Stacking faults and dislocations in titanium dioxide, with special reference to non-stoichiometry

Abstract
A detailed electron microscopical investigation has been made of the stacking faults and dislocations observed in thin films of titanium dioxide grown on the (100) faces of titanium carbide crystals. The large stacking faults formed during the growth process lie on a {101} plane, but they often change from one plane to another of the same family, sometimes on too fine a scale to be clearly resolved. The fault is terminated by a partial dislocation having a vector of the $\frac{1}{2}\langle 101 \rangle$-type; if the specimen is heated in the microscope, when it becomes non-stoichiometric, the fault anneals out by one of two mechanisms.

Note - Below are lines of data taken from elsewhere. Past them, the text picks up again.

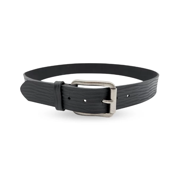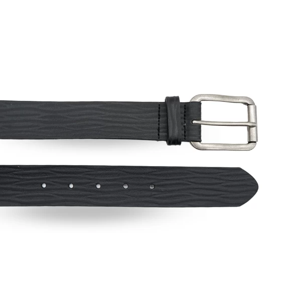 Fashionable premium genuine leather dress belt in black for men with ripple look detail. Featuring an antique silver buckle. Strap is 36mm wide.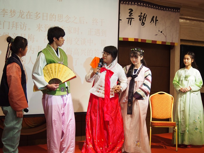 10月17日,应长春韩国人(商)会邀请,我院朝语系师生20余人前往新民宾馆与长春各高校朝鲜语系师生代表,驻长韩国留学生代表一同参加2015年“长春韩国周”活动开幕式暨长春中韩文化交流大会。韩国驻沈阳领事馆申凤燮总领事、东北三省韩国人联合会许景茂会长、锦湖轮胎长春工厂总经理,以及吉林省和长春市外事部门等相关领导一同出席。
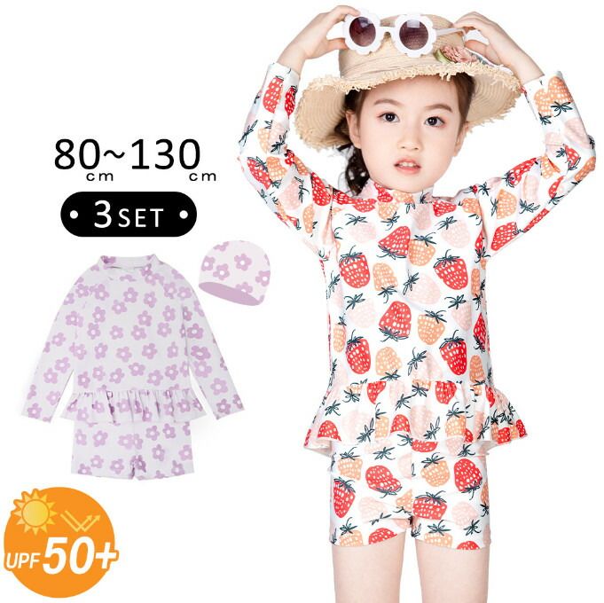 イチゴ柄は子どもの特権☆プラス裾フリルでスイートにキメちゃう スイムウェア 子供水着 ガールズ セットアップ 可愛い 女児 女子 水遊び 海水浴 着替えやすい 水陸両用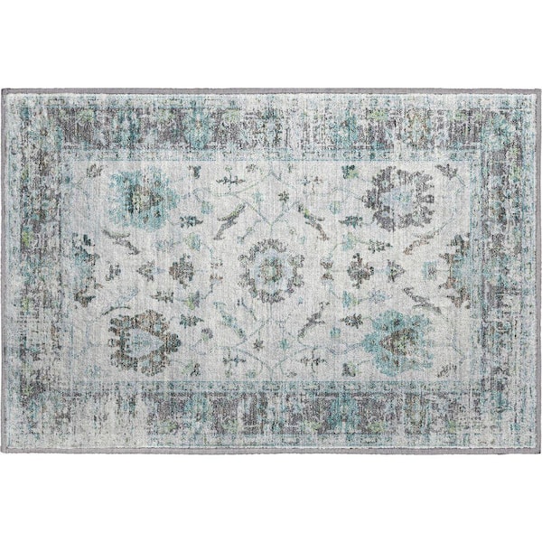 Mayfield Premium Machine Washable Abstract AMF1976 Teal 2 ft. x 3 ft. Accent Rug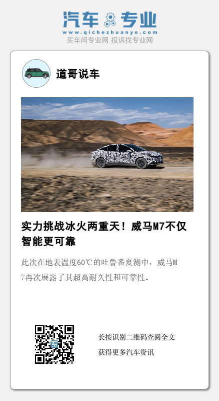 从-30℃的极寒环境到地表温度达60℃的极热环境,威马M7在续航能耗、空调以及充电方面的绝佳性能得到了严苛而全面的检验。据了解,威马M7将在今年年正式上市并开启交付。关于新车更多信息,我们将持续关注。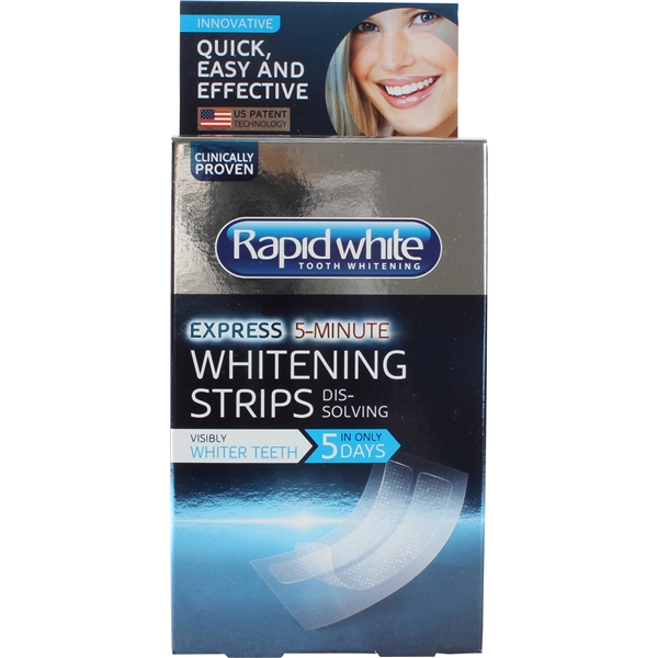 Rapid White Whitening Strips giver dig synligt hvidere tænder allerede efter 5 dage! Det maksimale resultat er synligt efter 1 uge. Den ultratynde, fleksible og transparente tape med mintsmag begynder øjeblikkeligt at gøre tænderne lysere og fjerner misfarvninger så snart den kommer i kontakt med tænderne. Med sin innovative selvopløsende tapeteknik tilbyder Rapid White en hurtig og effektiv afblegningsmetode - helt uden brintoverilte. Ved behandlingen afgiver tapen desuden en frisk smag af mint. Intet besvær med flydende geléer. Tapen fæstner ikke på læberne. Tapen glider ikke af tænderne. Minimalt med produktrester. Enkel håndtering. Selvopløsende.
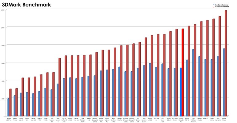 AnTuTu skoruyla 45659 puan alan telefon, CPU Prime'da 10529, GeekBench 4'te de tek çekirdekte 656, çoklu çekirdekte 1818 puan topladığını görüyoruz. Telefonun grafik tarafı ise iyi seyrediyor. 3DMark Benchmark'tan aldığı iyi sonuçların yanı sıra telefonun Epic Citadel testinden de 59 FPS sonucunu aldığını söyleyelim. Ayrıca telefonla oyun oynarken aldığımız performansın da hoşa gidecek cinsten olduğunu belirtmek gerekiyor. Asphalt Xtreme ve SBK 16 gibi oyunlarda hiçbir sorunla karşılaşmadık.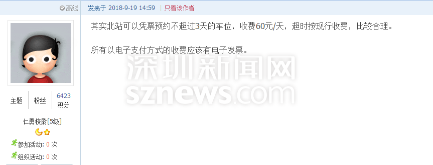 深圳新聞網(wǎng)9月21日訊(記者 施冰冰)“北站停車(chē)三天收費(fèi)412元,這不是暴利嘛?!”近日,深圳一網(wǎng)友發(fā)帖吐槽深圳北站的收費(fèi)標(biāo)準(zhǔn),他認(rèn)為深圳市中心的商業(yè)寫(xiě)字樓一天封頂也不過(guò)60元,高鐵站社會(huì)停車(chē)場(chǎng)作為老百姓的公共交通基礎(chǔ)設(shè)施,憑什么比市中心的商業(yè)寫(xiě)字樓還貴2倍多?(帖文:《 北站社會(huì)停車(chē)場(chǎng)作為老白姓的公共交通基礎(chǔ)設(shè)施,憑什么比市中心的商業(yè)寫(xiě)字樓還貴2倍多》)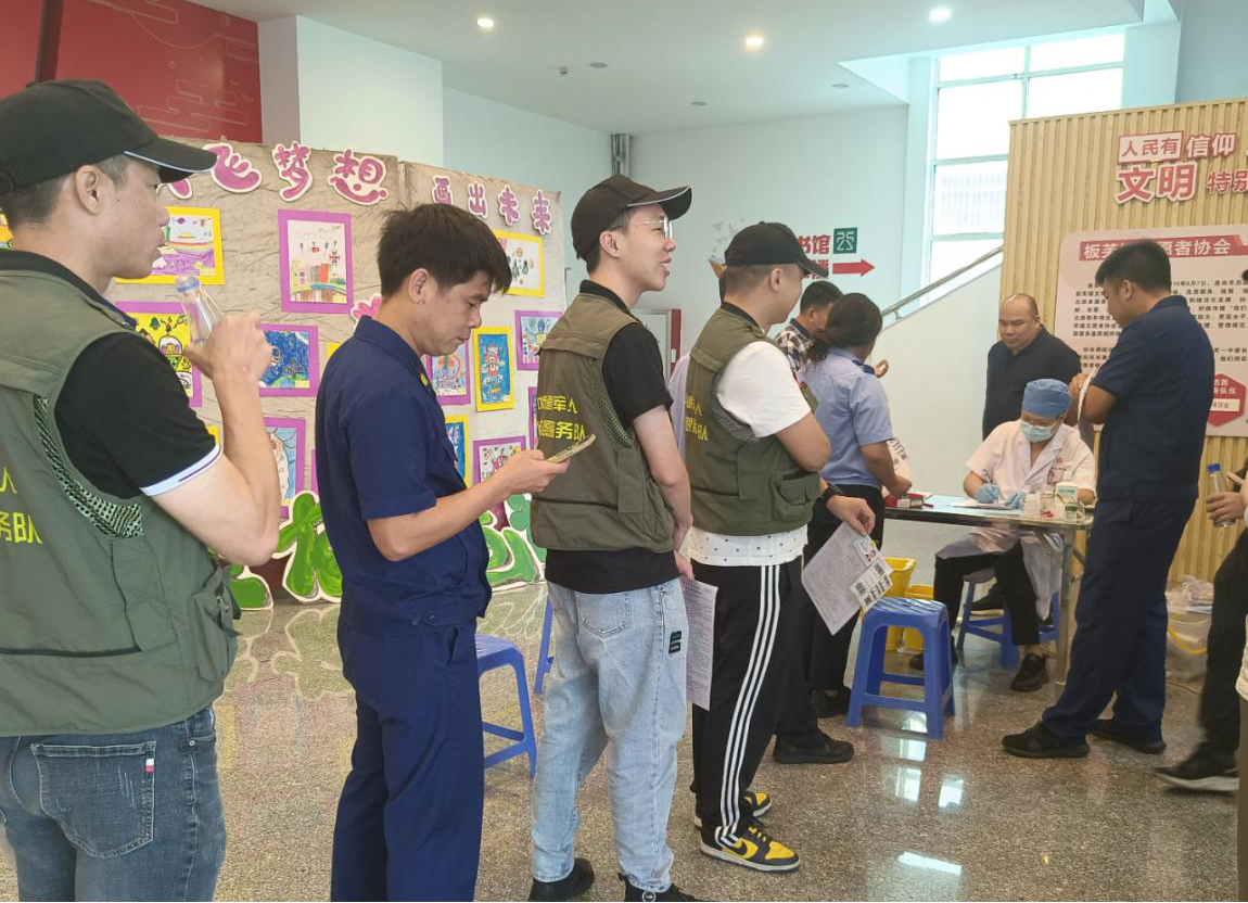 7月3日至4日,板芙鎮(zhèn)連續(xù)兩天在鎮(zhèn)黨群服務(wù)中心開(kāi)展2023年無(wú)償獻(xiàn)血活動(dòng)。板芙鎮(zhèn)退役軍人服務(wù)中心積極響應(yīng)號(hào)召,組織發(fā)動(dòng)30余名退役軍人紅旗志愿服務(wù)隊(duì)隊(duì)員參與獻(xiàn)血8000毫升,以實(shí)際行動(dòng)傳遞希望,奉獻(xiàn)愛(ài)心。  板芙鎮(zhèn)退役軍人紅旗志愿服務(wù)隊(duì)隊(duì)員排隊(duì)等候無(wú)償獻(xiàn)血。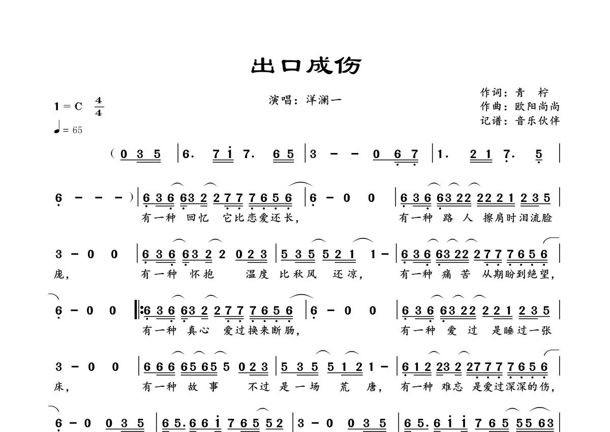 《出口成伤》是洋澜一演唱的一首歌曲,拍号为4/4拍,歌曲速度为每分钟65拍,这份简谱共有一张高清图谱,图谱由 @音乐伙伴 编配上传。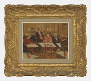 Intérieur de café à Montmartre, huile sur pavatex, signée, 22x27 cm. Numéro 44 du catalogue de l'exposition de 1957. Provenance: Galerie Montauti
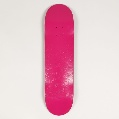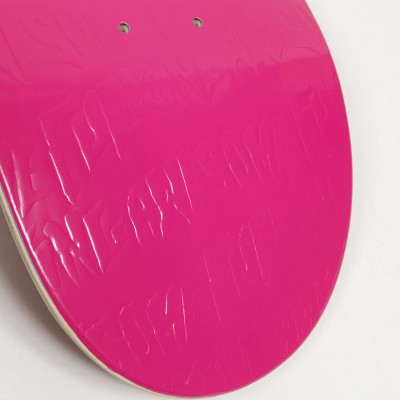 Fucking Awesome skateboard deck by skateboarders Jason Dill and Anthony Van Engelen. Team model Stamp Embossed in pink with engraved Fucking Awesome logo. Deck size is 8.18 inches. Free grip with each deck. The colored side of the wooden deck may differ from the photo shown .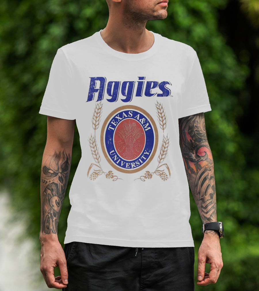 The Texas A&M Aggies University T-shirt is designed for everyday wear and a consistent fit. Fabric is pre-shrunk ring-spun cotton with durable stitching. See the size chart below for exact measurements.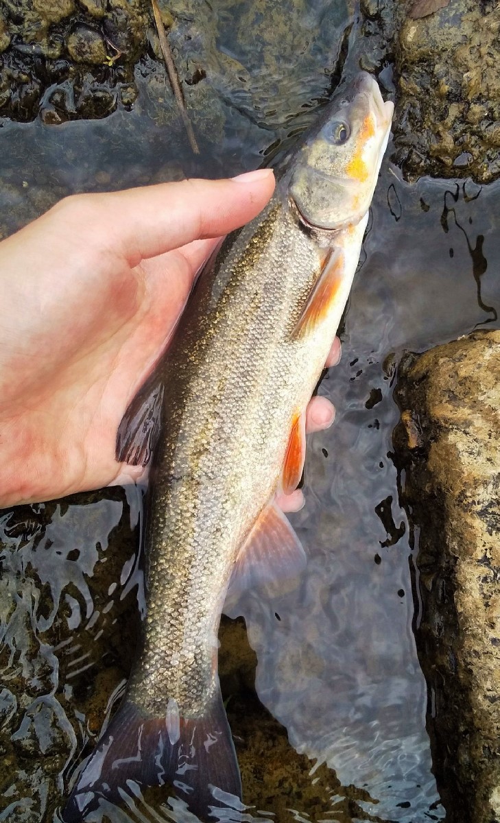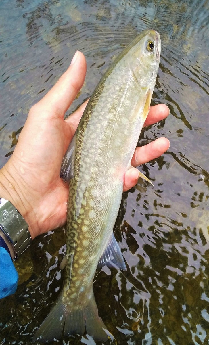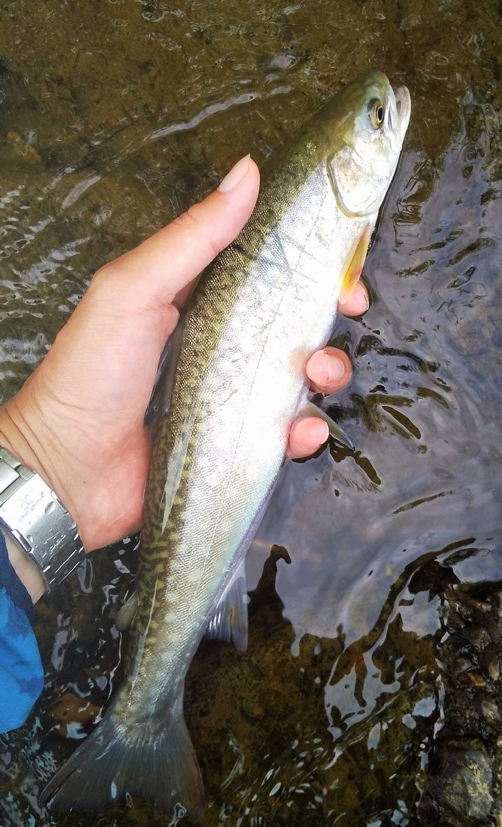 釣れたのは良型ウグイでした。やはり渓流魚の魚影は薄いようです。少し上流に移動しましょう。

The first mechanism involves the glide of the partial dislocation terminating the fault, and the second the growth of small dislocation loops formed by the condensation of vacancies introduced as a result of deviations from the stoichiometric composition. Contrast experiments show that the observed dislocations are of two types. The first are dissociated dislocations having a partial $\frac{1}{2}\langle 101 \rangle$ vector, glissile on {101} planes and associated with a stacking fault. The second type of dislocation are undissociated and have a $\langle 001 rangle$ Burgers vector. Interaction between the leading partials of the [101]-type dislocations moving on intersecting {101} slip planes gives rise to a stair-rod dislocation with either a $\langle 001 \rangle$ or $\frac{1}{2}\langle 110 \rangle$ Burgers vector. A sessile configuration is also formed by an interaction between dislocations with $\frac{1}{2}\langle 101 \rangle$ and $\langle 001 \rangle$ Burgers vector. An interaction between glissile partial dislocations and vacancy clusters also occurs, and it is suggested that this is a possible mechanism for the increased yield stress produced when TiO$_2$ becomes substoichiometric.